#### Work request
Every line of the data below must be output exactly, with images left out.

#### Source material
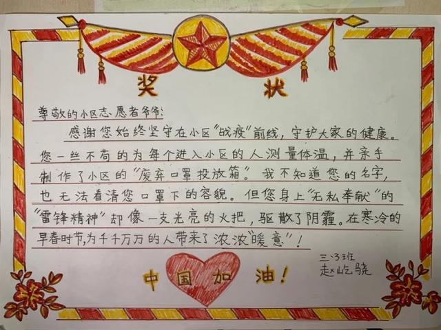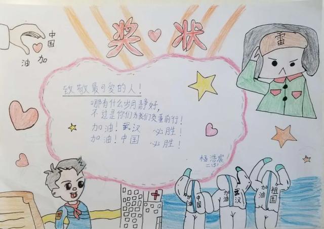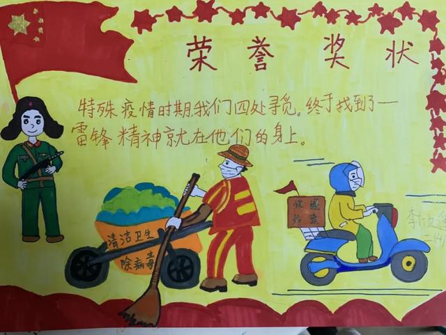 而今年,在这个“特殊时期”,学校组织开展了特别的学雷锋主题活动,号召孩子们在平安居家时充分发挥自己的想象力与创造力,为心中的战疫“雷锋”设计制作一张创意奖状。
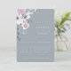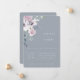 Beautiful watercolor garden floral arrangement of anemones, roses, eucalyptus and greenery in trendy shades of violet, pink and green. Background color shown in dusty blue, can be customized.
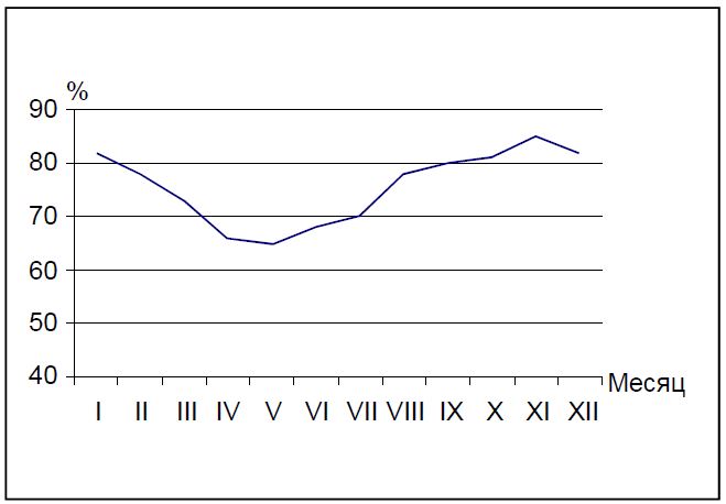 Обработка наших данных показала, что средняя относительная влажность воздуха за год составляет 76%. В весенне-летний период изменяется от 65 до 73%, в холодный период – 81-85%. Наименьшая величина приходится на апрель – май (65 -66%), наибольшая – на ноябрь (85%).

#### Solution to this exercise
 而今年,在这个“特殊时期”,学校组织开展了特别的学雷锋主题活动,号召孩子们在平安居家时充分发挥自己的想象力与创造力,为心中的战疫“雷锋”设计制作一张创意奖状。
 Beautiful watercolor garden floral arrangement of anemones, roses, eucalyptus and greenery in trendy shades of violet, pink and green. Background color shown in dusty blue, can be customized.
 Обработка наших данных показала, что средняя относительная влажность воздуха за год составляет 76%. В весенне-летний период изменяется от 65 до 73%, в холодный период – 81-85%. Наименьшая величина приходится на апрель – май (65 -66%), наибольшая – на ноябрь (85%).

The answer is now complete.